A evitare che l’emergenza fosse ancora più grave, giudica suor Angelina Santagiuliana, ha probabilmente
contribuito la presenza sul territorio
«di molte etnie diverse: se fossero state solo due o tre la situazione sarebbe
esplosa già da molto tempo». Di fronte all’insicurezza che ancora domina,
anche la comunità internazionale sta
cercando soluzioni, almeno a Bangui. «All’interno dei quartieri – riferisce Federica Biondi – si stanno organizzando dei “santuari”, con dormitori pubblici dove le persone possono
riunirsi per la notte e dove la sicurezza è garantita anche dalle forze internazionali».
Difficile normalizzazione
La popolazione cerca però, per
quanto possibile, di tornare a un’esistenza ordinaria: quelli che ancora hanno una casa, prosegue l’operatrice di Intersos, durante il giorno –
quando è meno rischioso spostarsi –
«rientrano nelle zone dove ci sono le
loro abitazioni per cercare di riprenderne possesso e per ricominciare
una vita normale». Su questo influisce anche l’inizio della stagione delle
piogge: da un lato mette a rischio di
allagamento molti campi per sfollati,
dall’altro offre l’occasione di «riattivare il settore agricolo, in modo che
i centrafricani non dipendano da aiuti esterni e possano contare su un’autoproduzione». Nella stessa direzione va lo stanziamento, da parte delle Nazioni Unite, di 26 milioni di dollari, per promuovere la coesione sociale offrendo opportunità di lavoro a
350.000 persone nelle regioni centrali e occidentali.

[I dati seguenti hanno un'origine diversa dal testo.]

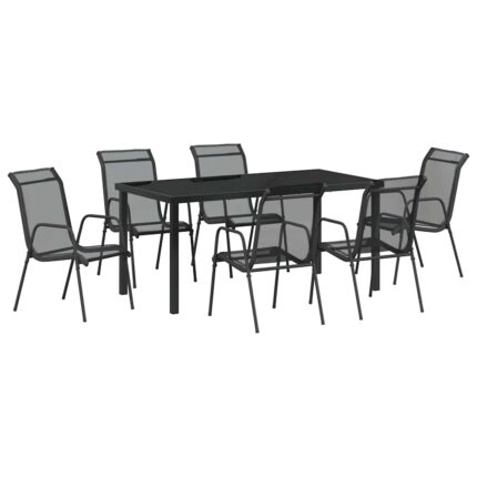 Das moderne Garten-Esszimmer-Set bringt frischen Wind in deine Outdoor-Treffen. Der pulverbeschichtete Stahlrahmen in Schwarz bietet einen coolen Look, der sich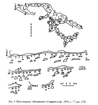 Нукатская пещера расположена в 26м выше по склону берега реки Нукат, подъём крутой, на спуске высока вероятность поскользнуться. Пещера карстового происхождения и разработана в известняках на глубину 150 м при средней высоте 1,5 м. Имеет 2 входа.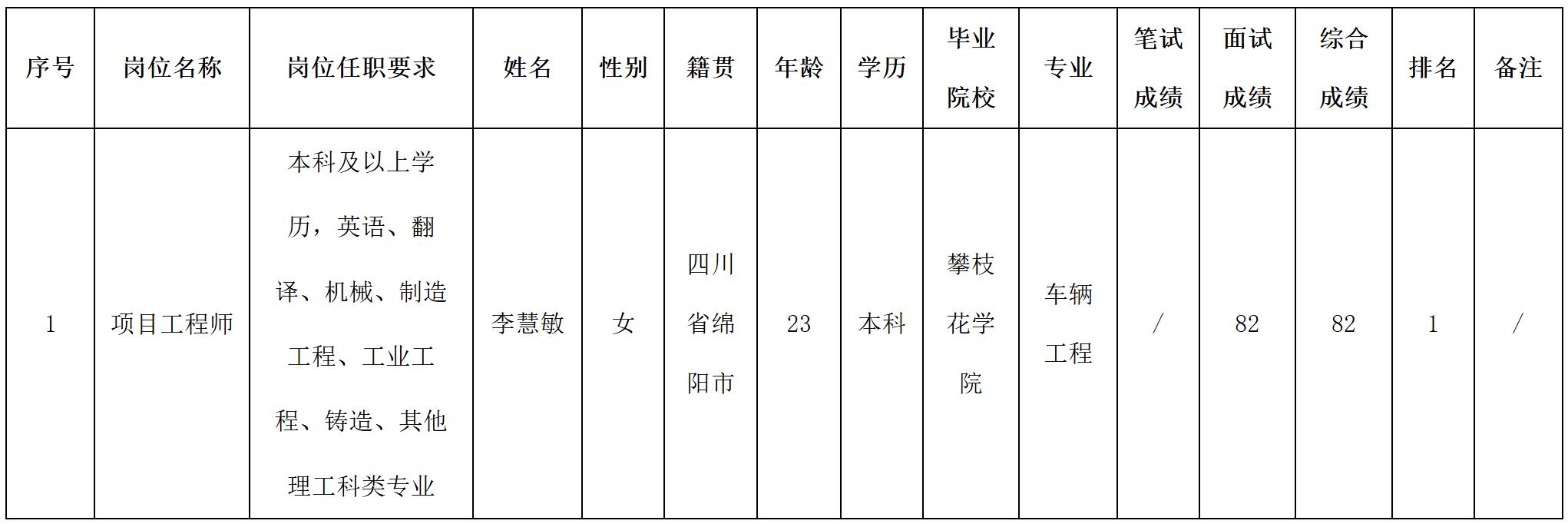 根據四川波鴻實業有限公司發布的招聘公告及招聘相關規定,經面試等程序,現將面試成績予以公示。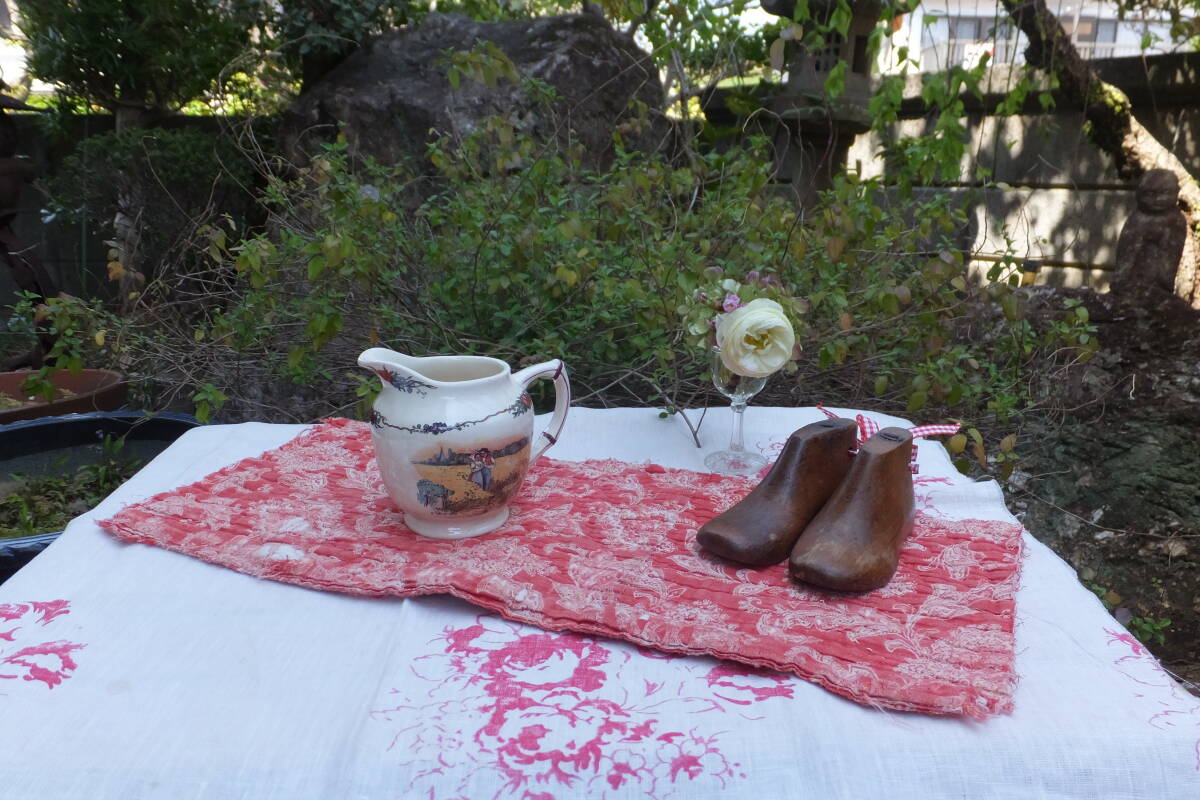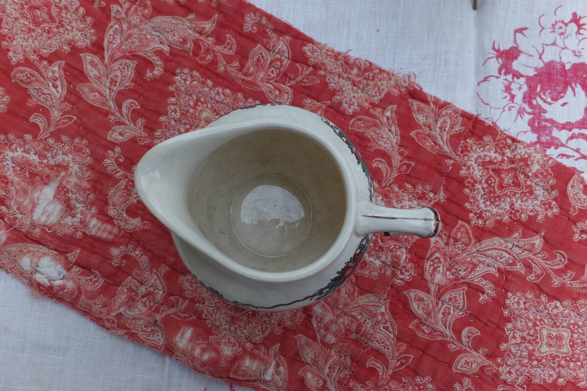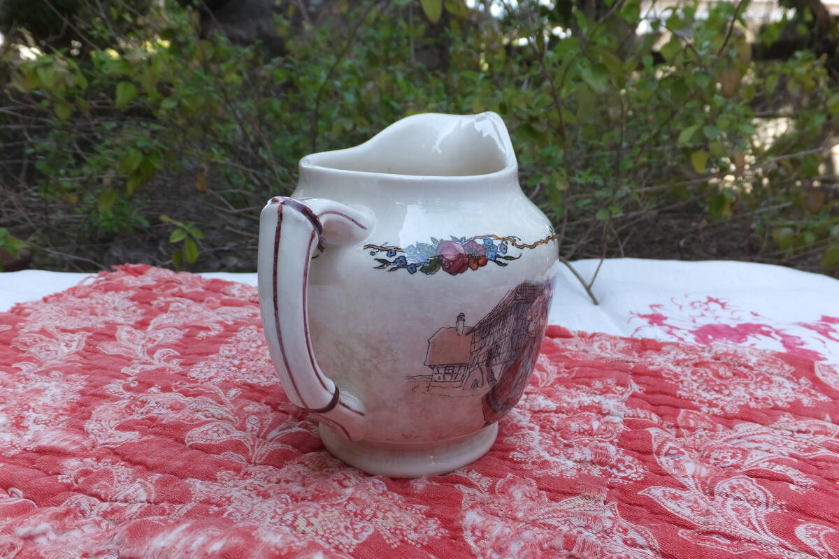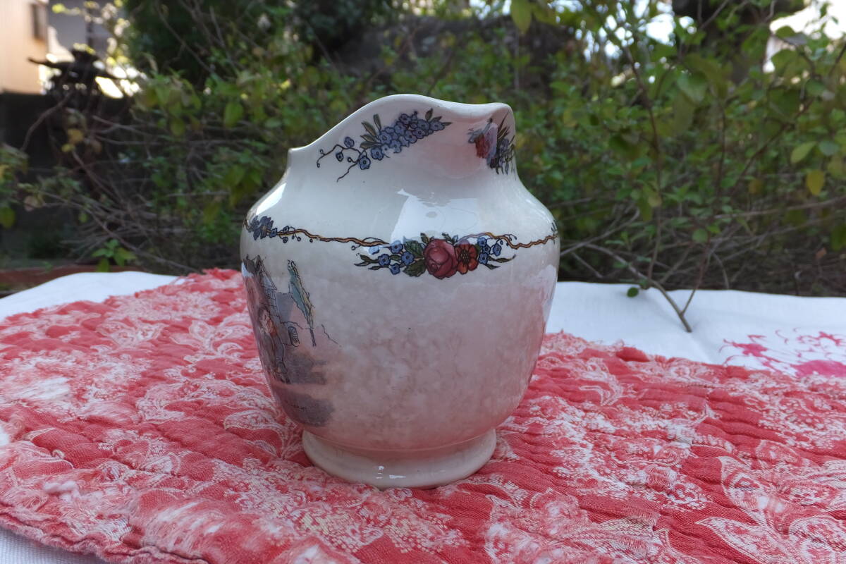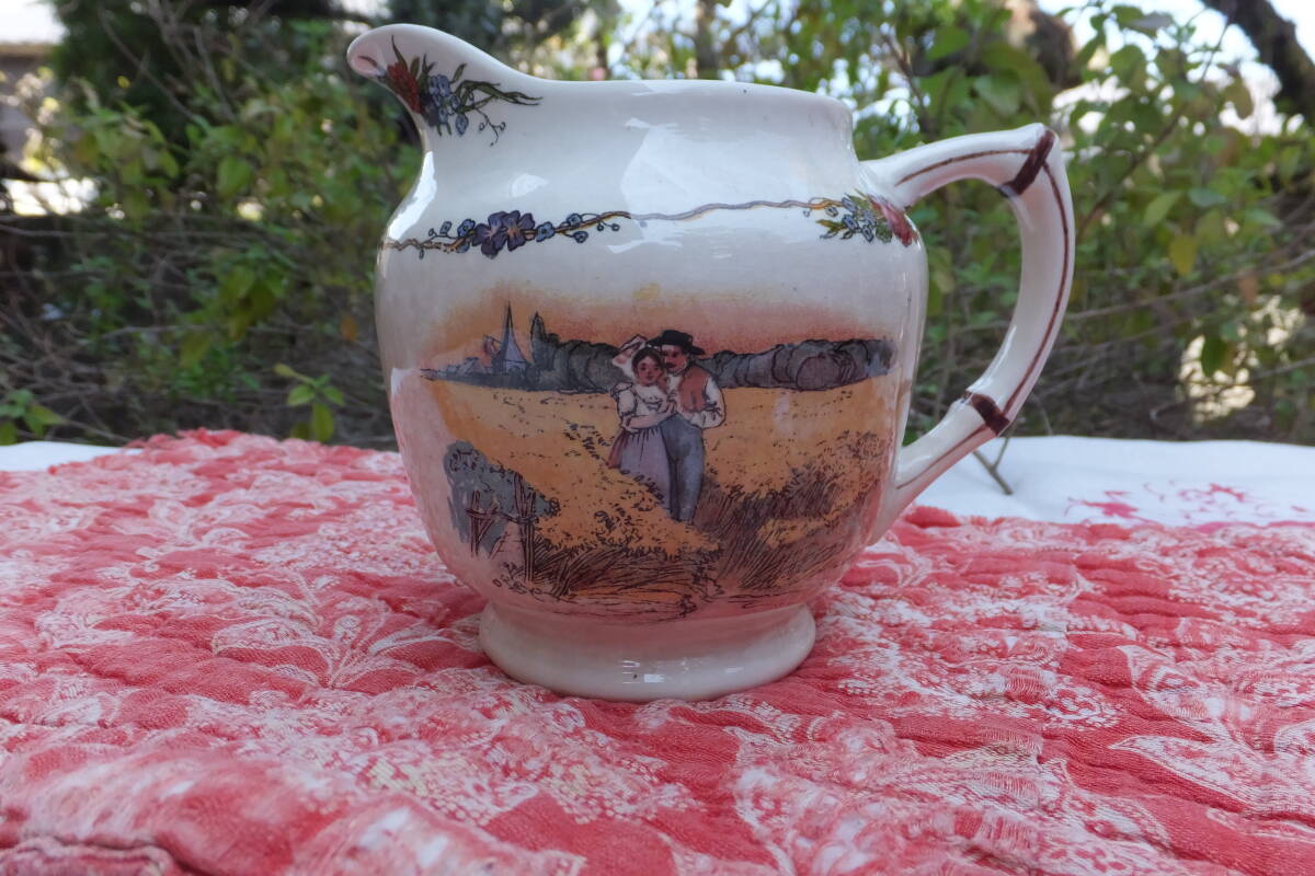フランスのパリで見つけた古いSarregueminesのObernai Faienceriesのクリーマーです。アルザス地方の民族衣装の男女と田園風景が描かれたたっぷりしたクリーマーですのでお花を生けたり・・・緑を生けたり・・・良い大きさです。カケ等はありませんが絵のない部分に多少シミがあります。french shabby chicです。

Dare alla popolazione i mezzi per
rientrare nelle proprie case, o in un
ambiente non ostile, potrà avere anche conseguenze positive sulla sicurezza. «Vivere in così tanti in un piccolo spazio aumenta le possibilità di
violenze e lo spirito di vendetta», avverte infatti suor Santagiuliana, che è
arrivata ad accogliere, nella missione,
4.500 sfollati nel periodo di Natale,
ora ridotti a 500. «Adesso si tratta di
fare un lavoro di reinserimento di tut-
te queste persone in una vita normale, cosa non facile, perché la violenza che hanno vissuto è forte: hanno
davvero respirato violenza», continua
la religiosa. Gli ostacoli alla normalizzazione, tuttavia, non mancano:
lo stato non è praticamente in grado di fornire i servizi essenziali (sanità, istruzione, accesso all’acqua) e
malgrado in molti luoghi riescano finalmente ad arrivare aiuti e operatori umanitari, varie strade sono ancora bloccate per la presenza dei gruppi
armati.
Con gli scontri, è continuata anche la fuga dei civili: da dicembre
2012 più di 700.000 persone hanno dovuto abbandonare le loro case, mentre quasi 290.000 si sono rifugiate nei paesi vicini, le cui strutture
di accoglienza stanno andando in crisi. Il Programma alimentare mondiale ha lanciato a fine febbraio un appello, in cui ha definito ormai «estremamente basse» le sue scorte di cereali destinate ai rifugiati centrafricani nella Repubblica democratica del
Congo; ha poi espresso il timore di
non poter venire incontro, «per mancanza di fondi», alle necessità di chi
ha tentato di sfuggire alla guerra.
I rischi, dopo il terzo cambio di
governo in un anno, riguardano anche il piano politico: a preoccupare è
soprattutto la prospettiva che la parte nord-orientale del paese dichiari la
secessione. Qui si sono raggruppati
in maggioranza gli ex–Seleka e nella
stessa area, al confine con il Ciad, si
trovano anche importanti giacimenti di petrolio. La prospettiva di una
divisione è sempre stata esclusa dalla presidente Samba-Panza e anche
da Hollande, che da Bangui ha invitato a «evitare qualsiasi tentazione
di partizione». Gli uomini delle forze
internazionali si sono già dimostrati insufficienti, però, a controllare efficacemente tutto il territorio. A rafforzare massicciamente il contingente potrebbero intervenire le Nazioni
Unite, come chiesto anche dalle autorità transitorie: il segretario generale dell’ONU Ban Ki-moon in persone, a inizio marzo, ha raccomandato
l’invio nel paese di circa 12.000 caschi blu, tra militari e forze di polizia.